CC3: 'Reply on RC1', Emilie Rouzies, 11 Apr 2022
Dear Reviewer 1,
Thank you very much for the careful review and edits to the initital submission. Although the revision period is not over, we propose to start answering your detailed comments so as to keep the discussion as interactive as possible. All your comments and questions have been copied hereafter in italic. The revised manuscript will be provided in a second time so as to accomodate comments from all reviewers.
Detailed comments
L21 p1 ‘simple enough to ensure flexibility’: More explanation is needed here. This is vague and I am not sure what is meant by flexibility. Here we mean that models used to support decisionmaking should be designed so that users could easily modify the code to integrate new physical processes and/or adapt the existing ones. “Flexibility” then refers to the structure of these tools that should be ideally simple enough to enable such evolutions. The sentence has been clarified in the manuscript.
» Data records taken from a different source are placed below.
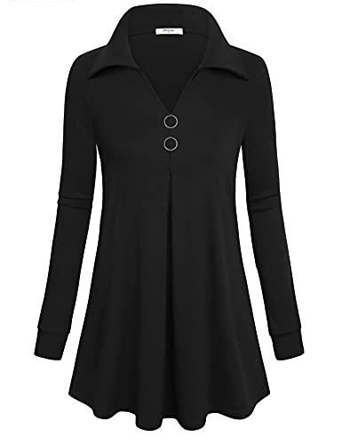 Bebonnie Womens Long Sleeve Casual Lapel V Neck Pullover Tunic Blouse Tops with Buttons
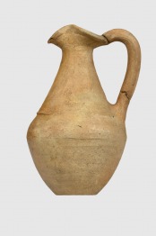 Talpatlan, kettős kúp alakú test, azon reliefvonallal elváló, hosszú, konikus nyak; erősen benyomott kiöntő; hátul vastag rúd-fül; az edény alja konkáv, közepén kiemelkedő korong. Durva, mázatlan, korongolt. Hopp Ferenc ajándéka a MNM-nak (1897), ahol a Néprajzi Tárba került. A Néprajzi Múzeum (Országos Történeti Múzeum) átadása (1950). |
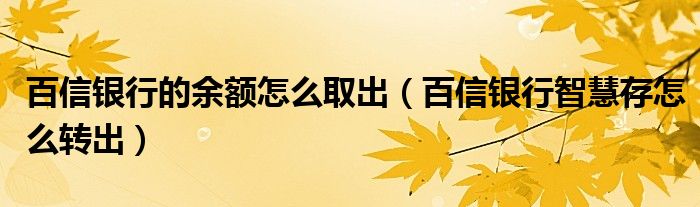 大家好,小育来为大家讲解下。百信银行的余额怎么取出,百信银行智慧存怎么转出很多人还不知道,现在让我们一起来看看吧!
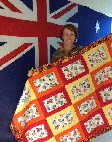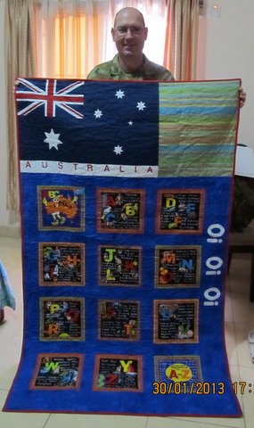 We had a great Australia Day and I hope you did as well. Now for the best news of the weekend…..when I arrived on Friday I helped unpack the recent delivery of mail from Australia and found a parcel marked for me from you. Thankyou Jan-Maree, the quilt and laundry bag look fantastic. I am extremely grateful that you could take the time to make these wonderful gifts for me. The design and detail that has gone into the quilt is amazing. The quilt has pride of place on my bunk and it will remind me of home and your remarkable kindness whenever I see it. The whole contingent here is South Sudan also greatly appreciate the efforts of you and your team that go into co-ordinating these gifts for us and for other personnel deployed on Operations around the world. The work you and your team are doing has a positive impact on our morale and reminds us of all the support from home.
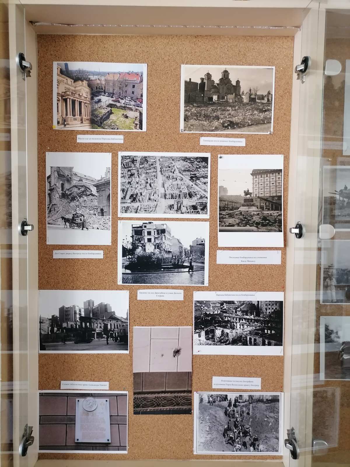 Фотографије разрушеног Београда додатно појачавају овај утисак, показујући последице бомбардовања и стављајући у јасан однос оно што је брањено и оно што је уништавано. На тај начин, поставка не приказује само догађај, већ и његово значење.
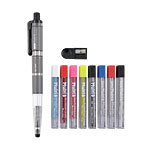 | 内蔵芯 | 赤・青・緑・茶・橙・黄・ジアゾノンコピー芯・PPCノンコピー芯・専用替芯8種(各2本入、芯径2ミリ)・芯削り器 ※ジアゾノンコピー芯:青焼きコピーに写らないピンク芯 ※PPCノンコピー芯:普通紙コピーに写らないブルー芯 |
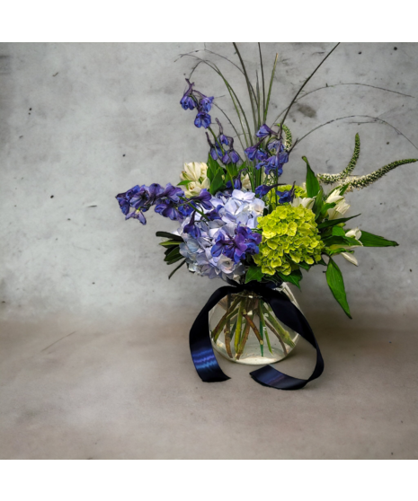 SEA GRASS — Coastal Elegance in Bloom Channeling crisp ocean breezes and seaside charm, Sea Grass features lush blue and green hydrangea, airy blue delphinium, and graceful white veronica. Tied with a deep navy satin ribbon, it’s a nod to nautical simplicity and New England serenity. Ideal for summer celebrations, housewarmings, or anyone dreaming of salt air and sandy toes.
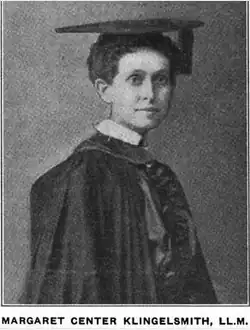 - ^ "Personal Pen Sketches: Margaret Center Klingelsmith" The Lawyer and Banker and Central Law Journal (December 1913): 373.
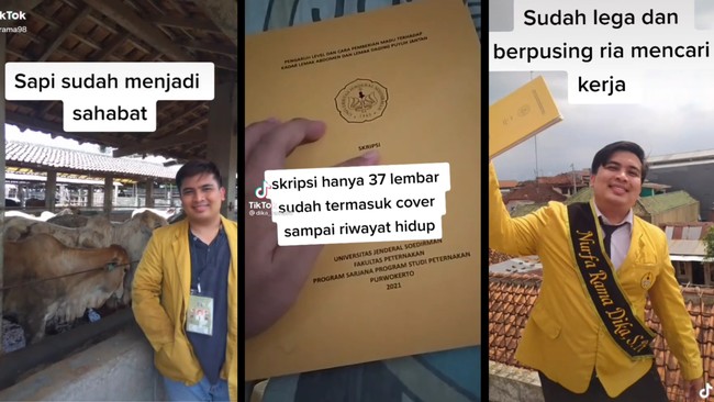 Video tersebut diunggah Nurfa Rama Dika di akun Tiktok @dika_rama98, Senin (23/8/2021). Tim detikEdu sudah mendapatkan izin Dika untuk mengutip postingan alumnus S1 Peternakan Unsoed, Purwokerto ini.
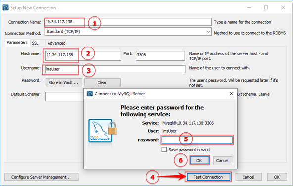 - Nhập địa chỉ IP của MySQL mà bạn muốn kiểm tra vào ô HostName, nhập tên người dùng MySQL (UserName) bạn đã tạo ở bước trước, sau đó nhấp “Test Connection”.
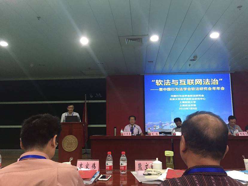 2016年7月9日,“软法与互联网法治”暨中国行为法学会软法研究会2016年年会在上海财经大学召开。会议由中国行为法学会软法研究会、北京大学开云kaiyun官网软法研究中心、上海财经大学以及上海政开云kaiyun官网联合举办。开云刘权博士应邀出席此次年会。
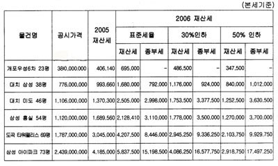 그러나 이번 재산세 탄력세율 50%가 적용되면 대치동 삼성 38평 아파트는 재산세 84만 원과 종부세 101만2천 원으로 62만 원의 세금감면 혜택을 보게 된다. 반면 재산세 탄력세율 30%가 적용되면 재산세 117만6천 원과 종부세 92만4천 원으로 세금감면액이 37만2천 원으로 줄게 된다.(표 참조)

L3031 p2 ‘catchmentscale model [...] afforded’: Specify that this is spatially distributed models. Yes, added as suggested.
L6173 p3: Also note the recent study of Smith et al. (2021). Yes, added as suggested.
Section 2.1: a presentation of the model parameters is missing. How many uncertain parameters that needs to be estimated are there? What are the different categories of parameters (e.g. soil, pesticide, vegetation etc., as I can read in Table 2). Parameters are only introduced much later in Section 2.5 (Table 2), which makes it difficult to follow Section 2.2 that describes the selection of the parameter values. The reference to Table 2 in the caption of Table 1 does not flow well. The model setup section has been deeply modified so as to introduce a presentation of model parameters much earlier than in the original manuscript. The Table from Section 2.5 has been modified and comes earlier to introduce all model parameters and associated categories. A sentence has also been added in the text to specify the number of uncertain parameters envolved in the senstivity analysis.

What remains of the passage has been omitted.